Task statement:
Your response to the data below should hold nothing except the lines from the one containing "perfect blend of" down to the one containing "Hi, I am Sahil, a", reproduced exactly and without pictures.

Dataset records:

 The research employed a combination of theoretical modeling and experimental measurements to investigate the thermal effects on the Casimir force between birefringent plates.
---
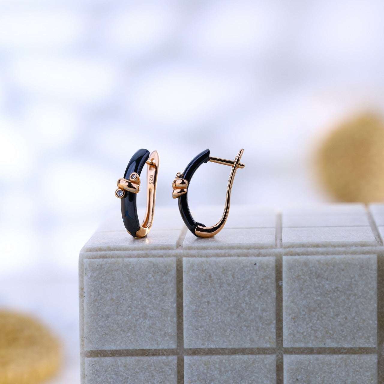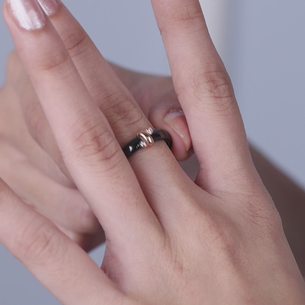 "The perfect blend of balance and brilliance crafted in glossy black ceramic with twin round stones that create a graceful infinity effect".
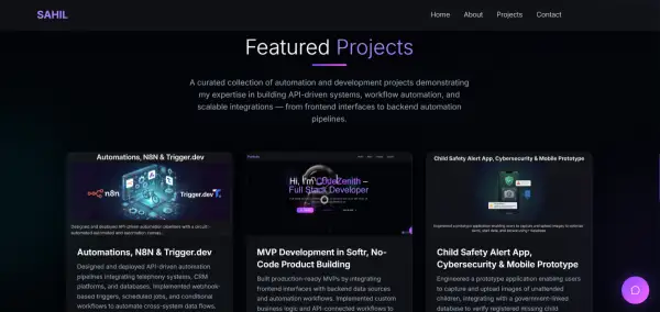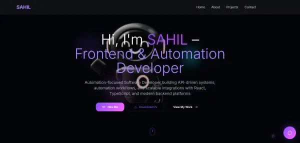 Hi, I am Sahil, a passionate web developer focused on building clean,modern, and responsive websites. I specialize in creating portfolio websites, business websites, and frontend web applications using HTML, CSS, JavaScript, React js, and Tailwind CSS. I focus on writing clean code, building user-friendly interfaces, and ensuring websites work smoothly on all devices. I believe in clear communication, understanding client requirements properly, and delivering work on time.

Solved exercise:
 "The perfect blend of balance and brilliance crafted in glossy black ceramic with twin round stones that create a graceful infinity effect".
 Hi, I am Sahil, a passionate web developer focused on building clean,modern, and responsive websites. I specialize in creating portfolio websites, business websites, and frontend web applications using HTML, CSS, JavaScript, React js, and Tailwind CSS. I focus on writing clean code, building user-friendly interfaces, and ensuring websites work smoothly on all devices. I believe in clear communication, understanding client requirements properly, and delivering work on time.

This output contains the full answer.